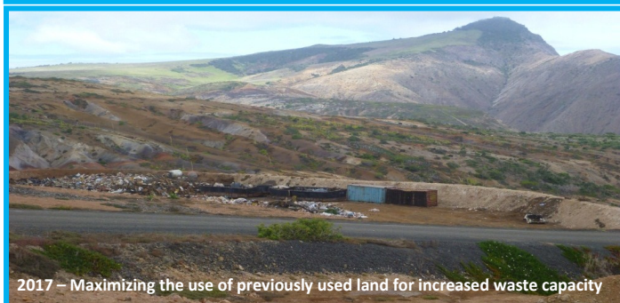
2017 – Maximizing the use of previously used land for increased waste capacity
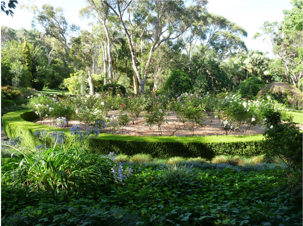
View of the Rose Garden during early summertime.

Garden beds 32A and B: Rose garden beds. This is primarily a Rose Garden with Garden bed 32B being a large perimeter Garden bed. Camellias are being trialled in Garden bed 32B. An outstanding specimen of Weeping Mulberry ( Morus alba ‘pendula’) grows in the lawn just to the right, as one enters the arch entrance.
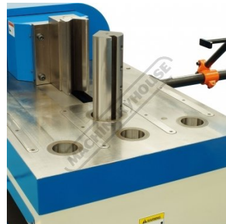
Table with Posts Removed for Optional Attachments
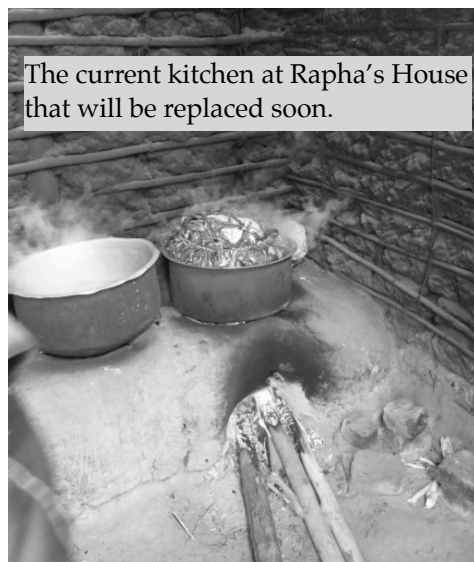
The current kitchen at Rapha's House that will be replaced soon.

The "Christmas in September" offering for food packages was a huge success, with over 550 gifts being given out on Dec. 23, 2015, creating much joy and excitement. Many thanks to the churches that participated. The gift of food was particularly important this year because the Christmas break was extended for national elections. When kids are not in school, poor families struggle to feed their children.
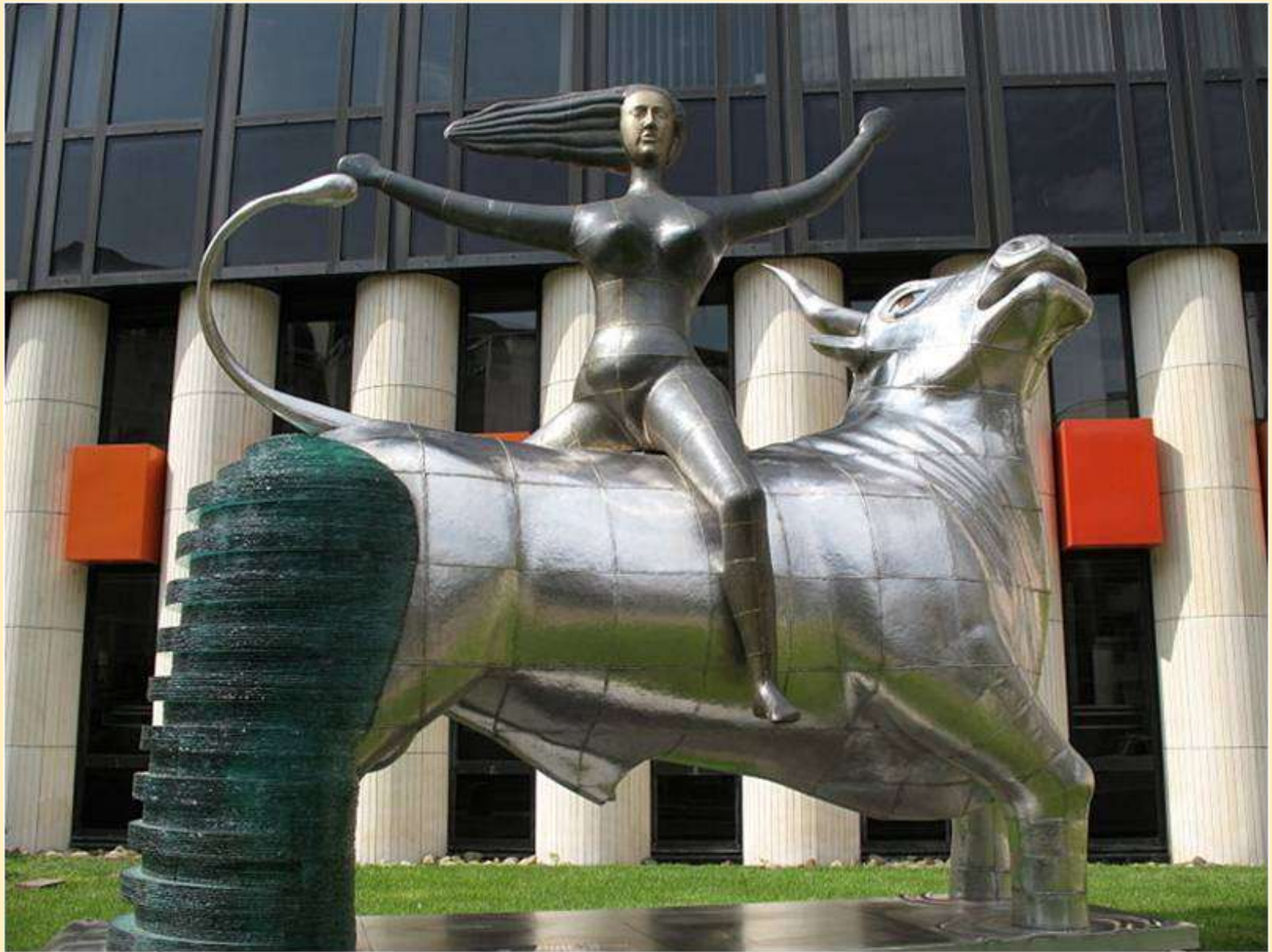
Statue of Europe on the Bull-Zeus in front of the European Parliament, Brussels
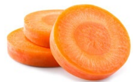
VITAMIN A Retinyl palmitate
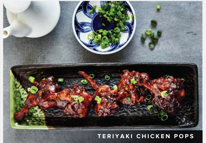
TERIYAKI CHICKEN POPS

دجاج تريياكي لولي بوب Chicken lollipops in sweet Japanese Teriyaki sauce spiked with spring onion
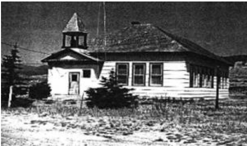
Dayton School 1995
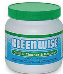
Kleenwise™ Distiller Cleaner and De-Scaler PN# KSD

Tuttnauer Innovation · Legacy · Partnership
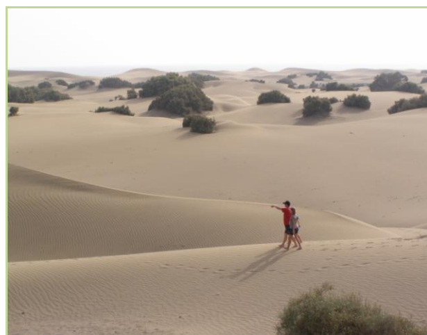
Maspalomas dunes natural reserve, Gran Canaria

It can develop specific planning or management proposals and agreements, collaboration between administrations, hard and soft constructions, etc. The effectiveness of the consortium has been high. In the first six months of existence: it has developed a Plan for the restoration of the tourist areas, the first (out of two) objectives to achieve. I felt very strongly that similar areas in Teramo Province can be served the same way and when I returned to Italy I immediately began to see if my colleagues from different departments and bureaus were interested to set up a similar instrument. The response I got was extremely positive and I have been given a green light to form a similar consortium to develop those areas in the province required regeneration”.
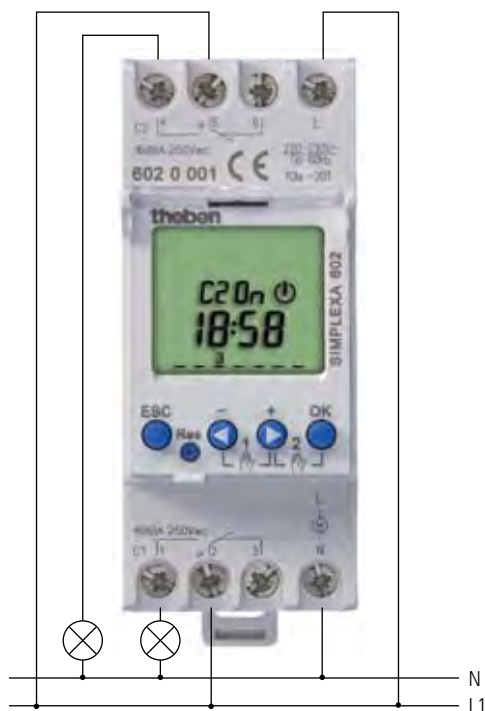
SIMPLEXA 602 – Connection diagram
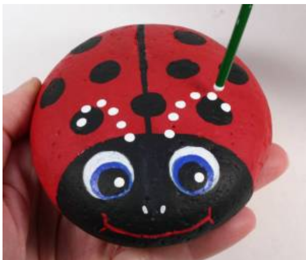
Photo 13 Add dots to eyes and antennas with the end of a paintbrush
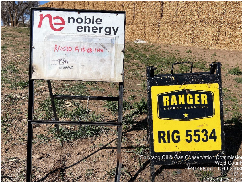
Photo #5 Rayglo A15-68-1HN Wellsite Plugged & Abandoned | PA Plugging Ops: Cementing: Initial plugs Wellsite entrance
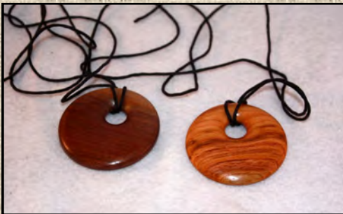
Pendants Black Walnut & Black Walnut By Pam Roseman
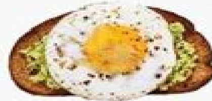
avocado, egg & chili flakes
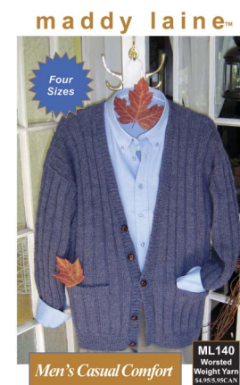
ML140 Men's Casual Comfort Men's cardigan in wide rib pattern with V-neck shaping and handy pockets. Sizes Men S, M, L, XL Yarn Worsted Weight (20 sts=4"/10cm)
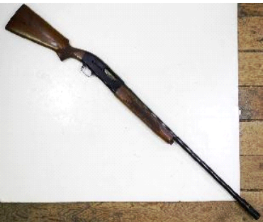
Lot # 114

114 Winchester model 50 twelve gauge shotgun.
__________
> Task statement
Copy only the lines above from the one containing "Dayton School 1995" through the one containing "Maspalomas dunes natural", both included. Leave out the pictures.

> Task answer
Dayton School 1995
Kleenwise™ Distiller Cleaner and De-Scaler PN# KSD

Tuttnauer Innovation · Legacy · Partnership
Maspalomas dunes natural reserve, Gran Canaria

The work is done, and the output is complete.